Apple’s Craig Federighi details how iOS apps will run on Macs

“While Apple still plans to ship two distinct operating systems—one for mobile, one for desktop — the company has been working on bringing iOS apps to Mac hardware,” Lauren Goode reports for Wired. “In an exclusive interview with WIRED, Federighi said the frameworks for porting iPhone and iPad apps to the Mac have been in development for two years. He revealed some of the technical details around how this will work, and shared some of the types of iOS apps he believes make sense on the Mac. Federighi was also dismissive of touchscreen laptops—a product category that would seem like a natural addition to Apple’s line once laptops begin running touch-first mobile apps.”

“The point of this is not to create a single unified OS, Federighi said,” Goode reports. “At a high level, Federighi described what Apple is doing as bringing an iPhone software framework over to Mac and making it native to Mac, rather than using some type of simulator or emulator. Both iOS and macOS share a common kernel and have common sets of frameworks for things like graphics, audio, and layout display. But over time, each platform has evolved differently. The biggest and most well-known framework is UIKit, but that was built for iOS way back at the start and wasn’t designed to address mouse and keyboard controls. With macOS Mojave, UIKit will be updated. Just like developers are currently able to target an iPhone or an Apple TV as the device where their app will run, they’ll soon be able to target the Mac as well.”

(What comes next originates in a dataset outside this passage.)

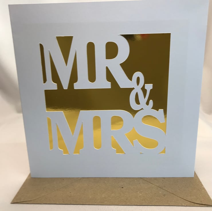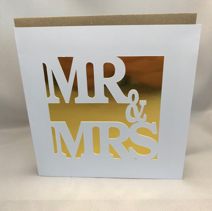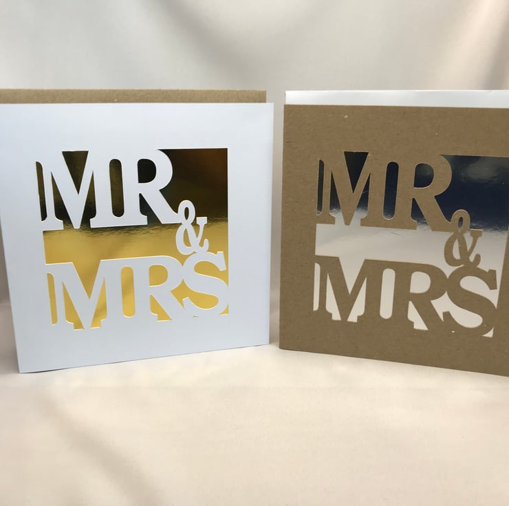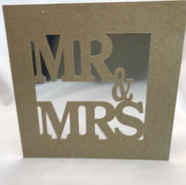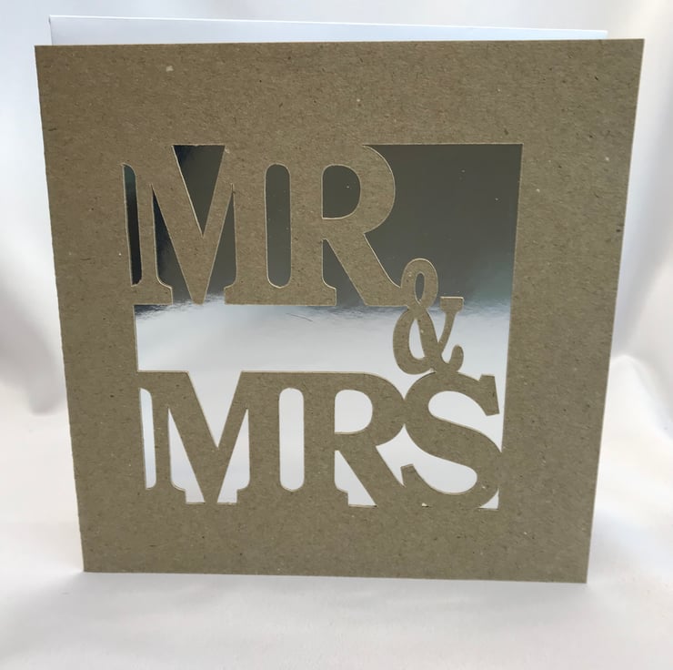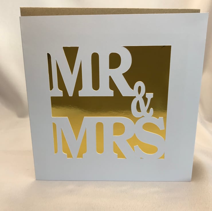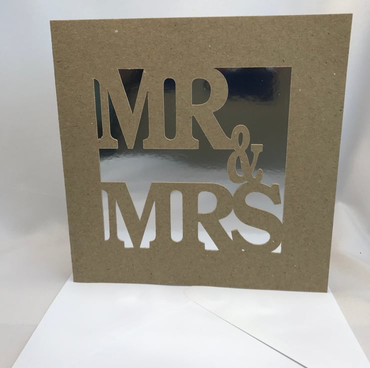The card has MR & MRS cut out on the front of the card with a blank inside to write your loving message. On the back of the card is a sticker saying handmade and designed by Kind Crafts.

“Using Xcode, Apple’s app-making software that runs on Macs, a developer will be able to indicate they want to write a variant of their iOS app for macOS,” Goode reports. “Federighi told me he’s ‘not into touchscreens’ on PCs and doesn’t anticipate he ever will be. ‘We really feel that the ergonomics of using a Mac are that your hands are rested on a surface, and that lifting your arm up to poke a screen is a pretty fatiguing thing to do,’ he said.”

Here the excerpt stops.